And she being with child cried, travailing in birth, and pained to be delivered. And there appeared another wonder in heaven; and behold a great red dragon, having seven heads and ten horns, and seven crowns upon his heads. And his tail drew the third part of the stars of heaven, and did cast them to the earth: and the dragon stood before the woman which was ready to be delivered, for to devour her child as soon as it was born. And she brought forth a man child, who was to rule all nations with a rod of iron: and her child was caught up unto God, and to his throne.
Revelation 12, 2-5
Mary “is once virgin and mother” who nourishes her offspring with spiritual milk in the form of God’s Word and His grace, so that they can grow in conformity to the image of her divine Son. The Church is a virgin in the purity of her faith no less than she is, and so the Bride of Christ can nourish humanity with the truth of God’s word and His redeeming grace. Only Mary can provide what Eve had lost for her children: communion with God and the life of grace. And because of Mary, the Church can, too. In this sense, then, our Blessed Mother is a living symbol of the Church and the ideal model for all her members who serve Christ and bear witness to him in their lives, so that others may enter into communion with God through the womb of the Church as his adopted children, regenerated unto Him in the Holy Spirit through the merits of our Blessed Lady’s divine Son.
God has ordained that Jesus should redeem the world and regenerate mankind in association with his mother and our spiritual mother. Alone Mary is not “woman” who has milk to provide for our spiritual sustenance. Her universal maternal role depends on her divine Son being the new Adam and Head of humanity – “our life-giving spirit” (1 Cor 15:45). The Virgin Mary isn’t only the mother of Christ’s mystical Body, but also Mother of the redeemed world, being the new Eve and helpmate of her Son, the new Adam. Jesus declared: “And I, if I be lifted up from the earth, will draw all men to me” (Jn 12:32). Our Lord kept his promise by rising from the dead after his crucifixion and death, which his sorrowful mother was drawn into to help restore mankind to God’s grace. Thus, he draws all people to himself through the maternal patronage of his Blessed Mother whom he has given to the world from the Cross as her reborn offspring in the life of grace by her sorrowful anguish beneath the Cross (Jn 19:26-27; Rev 12: 2-5).

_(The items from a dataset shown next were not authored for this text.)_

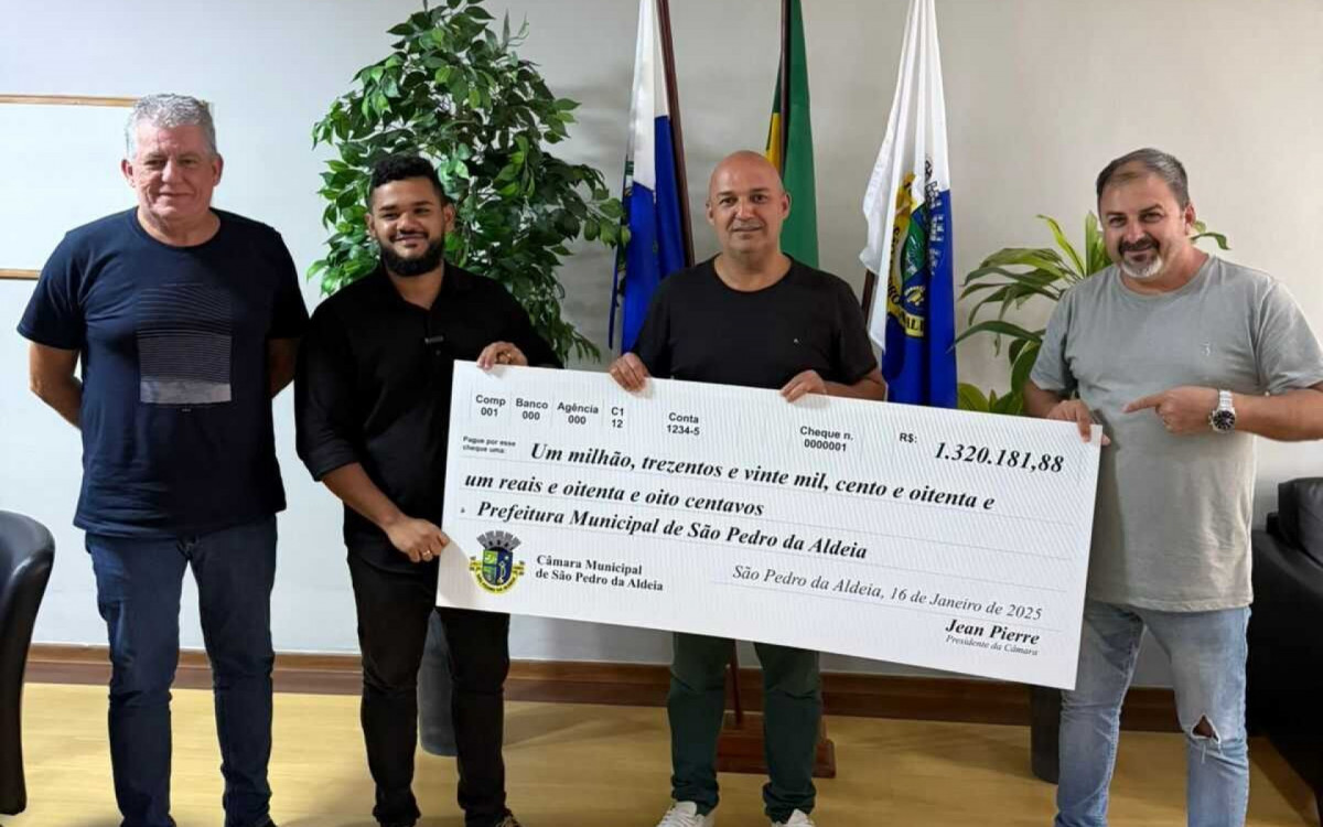 O prefeito Fábio do Pastel (PL) recebeu das mãos do atual presidente da Câmara de Vereadores de São Pedro da Aldeia, Jean Pierre (PP), um cheque de devolução no valor de R$1.320.181,88. O montante é referente ao duodécimo, repassado anualmente pela Prefeitura Municipal, que não foi executado ao longo do exercício financeiro de 2024. A entrega foi realizada nesta quinta-feira (16), no gabinete do prefeito, com a presença do secretário de Governo, Luiz Fernando Jr., do chefe de gabinete, Fernando Frauches, e do vereador Márcio Soares (PL).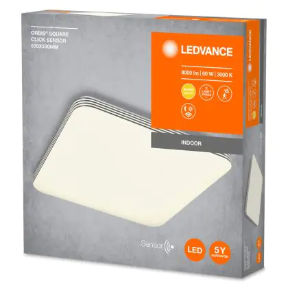 Beschrijving Ledvance LED Bulkhead Orbis Vierkant 530 Wit 60W 4450lm - 830 Warm Wit | 530x530mm - IP20 - Click - Bewegings- en lichtsensor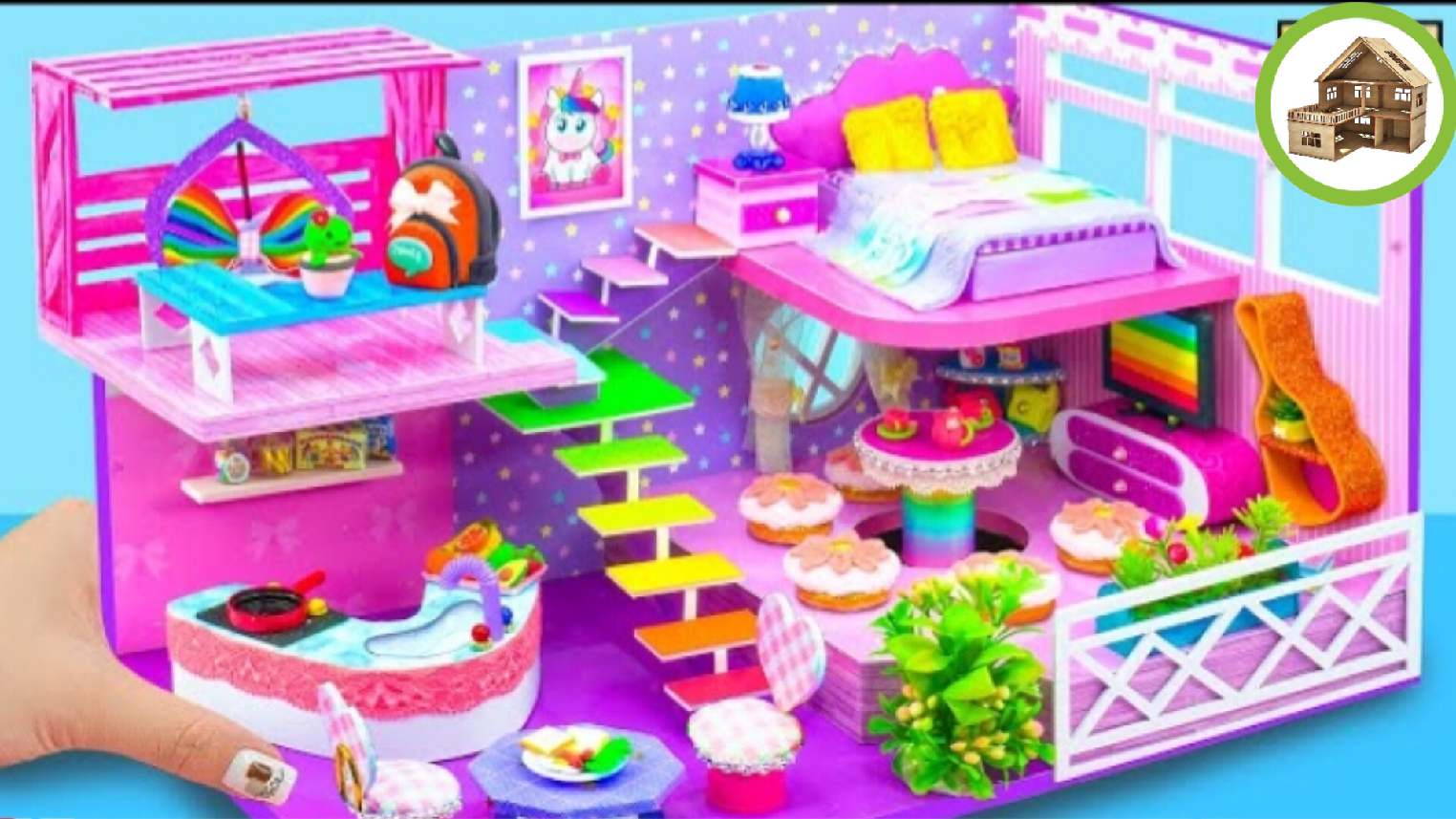 Фиолетовый миниатюрный домик в простейшем стиле для семьи из картона /284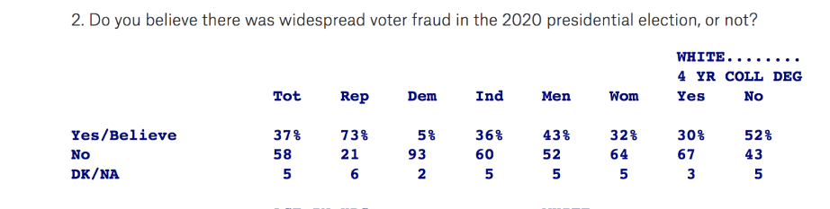 昆尼皮亚克大学(Quinnipiac University)1月11日发布的全美民意调查显示,示威者暴力冲击国会大厦之后,仍然有73%的共和党人认为2020年大选中存在“大规模舞弊”,93%的民主党人认为根本没这回事。此外,81%的共和党人认为参议院不应该对特朗普定罪,87%的民主党人则认为他应该被定罪。撕裂程度可见一斑。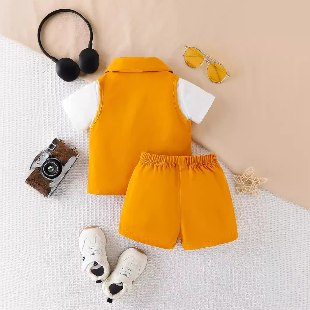 2026 Hot Sale Toddler Outfits Sports Style Suit Sleeveless Waistcoat Short Sleeve T-shirt Casual Shorts Baby Boys Clothes Sets
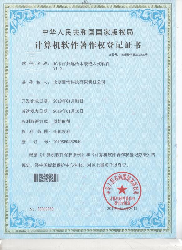 祝贺慧怡科技IC卡红外远传水表嵌入式软件VL.0获得专利批准,由中华人民共和国国家版权局授予颁发,慧怡将再接再厉。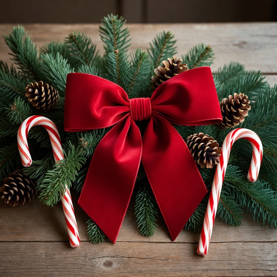 A red bow sits on green pine branches with pine cones and candy canes arranged on a wooden table during the holiday season.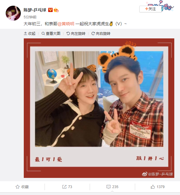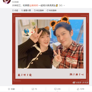 陈梦晒与黄晓明合照:和表哥一起祝大家虎虎生威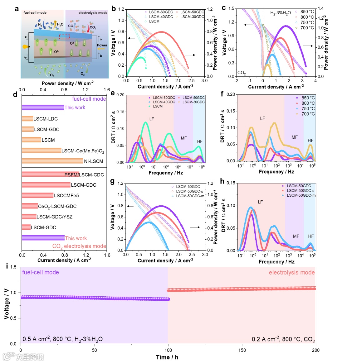 图3. a) 在燃料电池和CO2电解模式下单电池工作示意图。单电池的I–V和I–P曲线及DRT分析:b、e) 不同GDC含量的LSCM-GDC电极,c、f) 不同温度下的LSCM-50GDC电极,以及g、h) LSCM-50GDC、LSCM-50GDC-s和LSCM-50GDC-m复合氢电极。d)文献中报道的基于LSCM氢电极的单电池与本研究中在800 °C下PPD和1.5 V时CO2电解电流密度对比。i) LSCM-50GDC单电池在燃料电池模式和CO2电解模式下的稳定性测试曲线

The early Church Father, St. Irenaeus (180-190 A.D.) bears witness to this divine truth which the Church has grasped by the sanctifying light of faith: “The Word will become flesh, and the Son of God the son of man—the Pure One opening purely that pure womb, which generates men unto God” (Against Heresies, 4, 33, 12). St. Ambrose of Milan concurs two centuries later, only in different terms, while preserving the substance of the content passed on by way of Apostolic Tradition: “It was through a man and a woman that flesh was cast from Paradise; it was through a virgin that flesh was linked to God…. Eve is called mother of humanity, but Mary Mother of salvation” (Epistle. 63, 33). St. Augustine elaborates more by identifying the mystery of the Church with the mystery of the Blessed Virgin Mary: “Mary’s Son, spouse of the Church! He has made his Church like to His mother, He has given her to us as a mother, He has kept her to Himself as a virgin (pure in faith). The Church, like Mary, is a virgin ever spotless and a mother ever fruitful (bearing sons and daughters of God). What He bestowed on Mary in the flesh, He has bestowed on the Church in the spirit: Mary gave birth to the One, and the Church gives birth to the many, who through the One become one” (Sermo 195, 2).
Mary’s Fiat is evocative of Judith’s prayer to God (Ch.9), that He should intervene and save the Israelite’s from impending death and enslavement at the hands of the Assyrian forces which are besieging the city of Bethulia. YHWH hears and answers her prayer, because she has placed her faith in His providence. God’s response, however, requires that Judith collaborates with Him to save the Israelites from imminent destruction and captivity in a foreign land. The name Judith means “Jewish lady” or “woman”, which is fitting given our theme, since she is one of the several matriarchs of the Hebrew people who prefigures Mary in anticipation of the coming Messiah and her intimate association with him in the work of deliverance from evil and eternal death.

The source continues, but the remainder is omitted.